Most Americans are probably just hearing about the ongoing protests in France after images of rioting around the Arc de Triomphe in Paris this past weekend finally forced the topic onto the front page. The nationwide protests, now in their third week, had previously garnered little coverage outside France, and what limited mention was made often obscured the source of anger driving the protests with vague references to “rising fuel prices.” Since this weekend, international media has reluctantly gotten closer to identifying the root cause, citing “rising taxes.” But this is not just any old tax protest, it is targeted at a very specific kind of tax: namely, a carbon tax. The protests in France, which despite the focus on Paris have been overwhelmingly peaceful and span the entire country, should be considered another data point in the building backlash to the international green agenda of forcing energy prices higher.
See the media references to rising fuel prices and rising taxes are correct in a sense, even if they don’t tell the whole story. The protest is specifically against rising fuel taxes, a previous increase imposed by President Emmanuel Macron last year, and the further increase scheduled for January 1st, 2019. Hence the name given to the protesters, the gilets jaunes, “yellow vests,” which are required emergency equipment for every car in France and thus a symbol of being a car owner. The January tax increases would have been the been the equivalent of 30 cents a gallon for diesel (around half of cars in France are diesel) and about 10 cents per gallon for regular gasoline. This is on top of tax increases already enacted for 2018 and with additional tax increases scheduled into the future. These tax increases have been explicitly billed by Macron as a means to meet France’s commitments under the Paris climate treaty, making fuel more costly in an effort to reduce consumption and the carbon dioxide emissions associated with that consumption.
The problem is that outside the density and mass transit of Paris and other large cities, in large swaths of rural France there is no option but to drive a car.
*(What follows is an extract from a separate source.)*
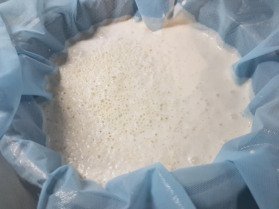 Przepuszczamy przez gazę, tkaninę, bardzo cienkie sitko lub jak ja przez chustę serowarską (ja wyścieliłem durszlak chustą). Najważniejsze, żeby się nie śpieszyć. Można masę podlewać mała ilością wody, żeby wypłukiwać białko. Po tym jak większa część płynu odciekła powtarzamy blendowanie masy z dodatkiem wody. Ja blendowałem masę 4 razy. Wyszło ponad 3 litry „mleka”. Wytłoczyny nie wyrzucajcie! Poszukajcie przepisów na jej wykorzystanie!

Sales taxes already make up 60% of the price of fuel in France, which has among the highest fuel prices in Europe, and most of the main trunk roads in the country exact steep tolls. Layering even more costs on these car-dependent regions, which are also less financially well off than glittering urban centers like Paris, has finally pushed many French to the breaking point. And it’s not just the tens of thousands of protesters standing alone: polling has found more than 75% of the French population support the protests.
While the revolt seems to have taken Macron and other green elites by surprise, it shouldn’t have. Polling on carbon taxes has found pretty consistent results: people may vaguely support action to reduce carbon dioxide emissions (not surprising considering the media relentlessly hammers CO2 as evil and dangerous), but when asked how much they would be personally willing to pay in higher gas or electricity bills, the overwhelming response is little to nothing. In France, we are seeing these preferences play out in the streets as drivers object to paying the cost of green ideology.
The focus on the images of rioting in Paris is understandable, but it also paints a picture of violent urban street protests, when most of the past few weeks of tax revolt have been nothing of the sort. The protests have been dozens of people blocking a roundabout to slow traffic, creating an atmosphere reminiscent of a neighborhood block party. Or it’s been groups of people taking over toll plazas and, in a direct rebuke to the tax hikers, waving vehicles through without paying the toll (which saved this grateful correspondent a few tens of euros while driving through northern France on the first weekend of the protests). It has been the very definition of a spontaneous, widespread grassroots uprising.